§ **Activity**
Your answer must be the lines from the first one in the material through the line with "počitadlem šroubů |", retyped exactly and with no pictures.

§ **Input data**
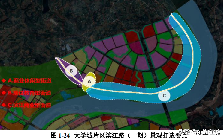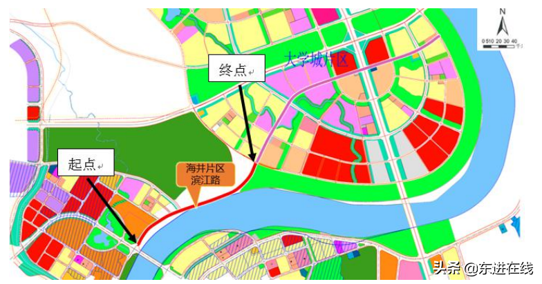 本项目规划建设包括了市政道路(含大学城片区滨江路一期,海井片区滨江路)、大学城片区滨江公园(一期)两大部分。
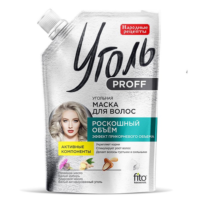 Угольная маска для волос Роскошный объём с эффектом прикорневого объёма активно стимулирует рост волос и повышает их плотность. Белый активированный уголь бережно и без утяжеления окутывает волосы невидимой защитной плёнкой, питает волосяные луковицы и мгновенно увеличивает прикорневой объём.
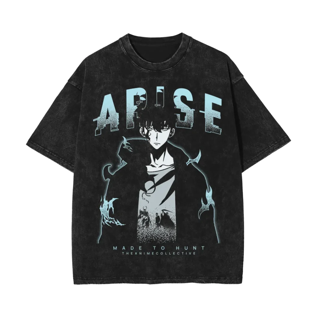 Solo Leveling Anime Sung Jin Woo Arise Shadow Monarch V2 Vintage Washed Oversized Graphic T-Shirt
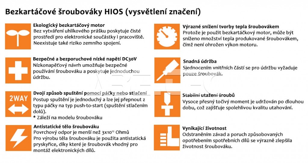 | Variant skrutkovača | ESD - antistatický, PS - push-to-start, BC - s vestavěným počitadlem šroubů |
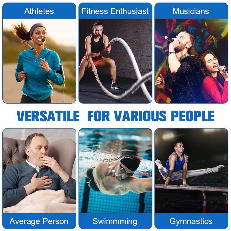 The compact and portable design of this breathing trainer allows you to use it anytime, anywhere. It can be used by adults, seniors, swimmers, athletes, singers, etc. Whether you're at home, in the office or on the go.
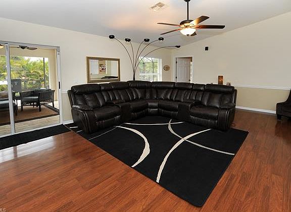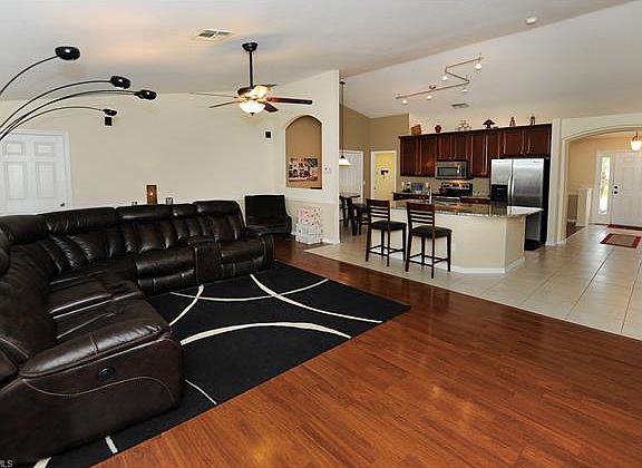 Location Location Location in desirable SW Cape Coral! Immaculate, large 4/2/2 Holiday Home with split bedrooms is conveniently located near shops and restaurants. The open floor plan features over 2,000 sq. ft. of living space perfect for entertaining to include formal dining room. The property was completely renovated in early 2013 to include a new pool with pavers and pool cage with recent addition of a pool heater. Great room consists of large family room, large, open, tiled kitchen w/wet island, breakfast bar & breakfast nook. The kitchen shines with granite counter tops, an abundance of cabinetry and stainless steel appliances. Both bathrooms were redone, the master bath has a walk-in shower and a double sink vanity with a granite countertop. Enjoy being poolside watching TV under the covered lanai surrounded by a privacy of Areca Palm Trees. Pride of ownership is apparent in this well-maintained home. The finished driveway holds numerous cars leading up to a large 2 car attached garage. Fenced yard to run and play for your Four-Legged friends. Trafalgar Elementary and Middle School 1 block away. Cape Coral Sports Complex down the street. The home is on city water and sewer.
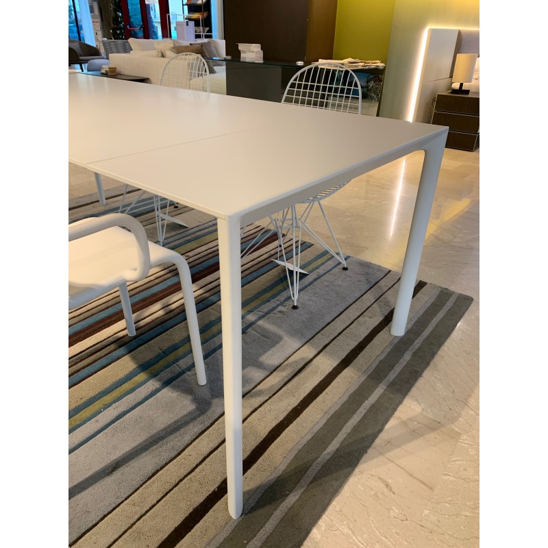 Maki est la table conçue par Kristalia avec un design minimal mais des profils de pieds arrondis.
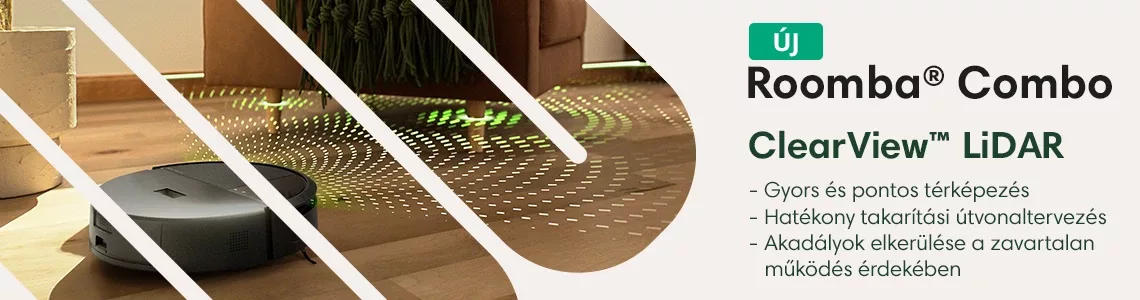 A Roomba Combo™ i5+ okos robot, ami tökéletesen porszívóz és felmos is egyben, egy mozdulat csak a tartályokat kicserélni, és indulhat a teljeskörű takarítás. Térképet készít az otthona padlójáról, így könnyedén vezérelheti Ön a takarítás az iRobot Home applikációról vagy hangvezérléssel.
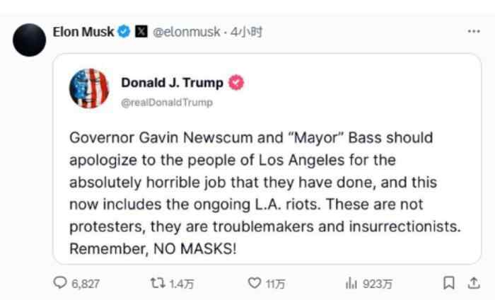 随后,马斯克还转发了多条特朗普在其自创社交平台上发布的有关“洛杉矶骚乱”的帖文和截图。有分析称,这表示了马斯克在该事件中对美国联邦政府的声援。

§ **Result for this task**
 本项目规划建设包括了市政道路(含大学城片区滨江路一期,海井片区滨江路)、大学城片区滨江公园(一期)两大部分。
 Угольная маска для волос Роскошный объём с эффектом прикорневого объёма активно стимулирует рост волос и повышает их плотность. Белый активированный уголь бережно и без утяжеления окутывает волосы невидимой защитной плёнкой, питает волосяные луковицы и мгновенно увеличивает прикорневой объём.
 Solo Leveling Anime Sung Jin Woo Arise Shadow Monarch V2 Vintage Washed Oversized Graphic T-Shirt
 | Variant skrutkovača | ESD - antistatický, PS - push-to-start, BC - s vestavěným počitadlem šroubů |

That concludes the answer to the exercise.